# Dean Quarry



## Anchorman

Know its a long shot but as anyone got a photo of Dean Quarry with ships alongside if possible? or Know of any which are on the web.
Thanks.
Neil


----------



## lakercapt

Google" Dean Quarry" and there are pics of ships alongside as well as other pertinent information


----------



## Hugh Ferguson

Here's one!


----------



## Anchorman

Thanks Lakercapt and Hugh. I tried before but couldnt find decent photo. The one Hugh put up is about best. I did a year running from Dean to Mulberry wharf (think its how the grey hair started) but unfortunately never took photos.
Brgds
Neil


----------



## Hugh Ferguson

This is same photo enlarged 150%. I'll keep an eye open for a better picture; I'm sure I will have one it's just a case of finding it!
Falmouth pilots do the piloting-try giving them a call.


----------



## Runrig

Also look at the book 'Coasters of Cornwall', pages 54 to 57.


----------



## cajef

I was based in Falmouth with Decca for several years, if we had a boat requiring service on any of our equipment that was going to Dean Quarry we used to join and leave the ship with the pilot in Falmouth Bay. 

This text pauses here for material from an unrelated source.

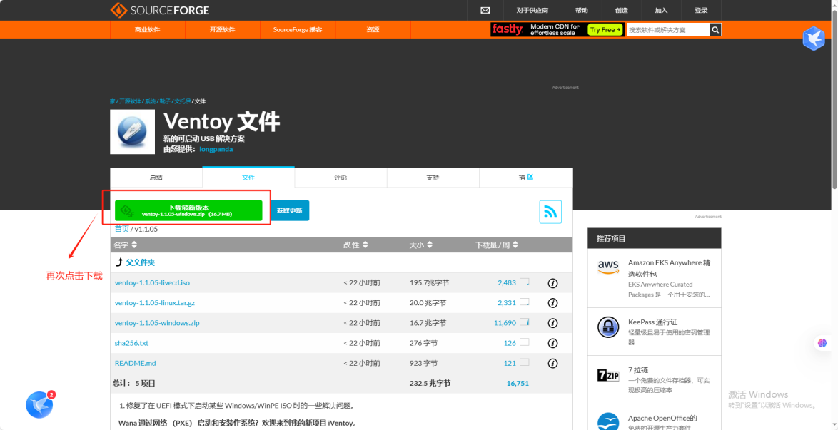 點(diǎn)擊“Download.Ventoy”進(jìn)入Ventoy下載頁面,并選擇Windows版下載

It gave us a bit of extra time as the vessels could only be alongside the berth at the quarry for about three hours on the top of the tide, not the most pleasant place to be as it was pretty exposed and there was always a fair swell when you were on the berth.

The quarry closed down several years ago but can be seen quite clearly from the coastal path which wends its way round it.


----------



## tzinieres

loaded stone there in the early 70's for Deptford Creek. swell increased before completion and had to leave in a hurry.


----------



## booma

Found this one on google.


----------



## skiboo

used to run in there very often in mid70s late 80s when iwas skipper on helena/c greta/c brenda/c betty/c mary/c heleen/c mark/c loaded for cowes
shoreham london river granville dock dover not a nice place at best of times 
we were caught out a few times whe wind freshend from eastard skiboo


----------



## tom binding

*dean quarry*

If you are still looking for a good picture try Bernard Macall (coastal shipping magazine)i remember seeing a photo in one of his coastal publications


----------



## doncontrols

Here's another one: Dean Quarry loading


----------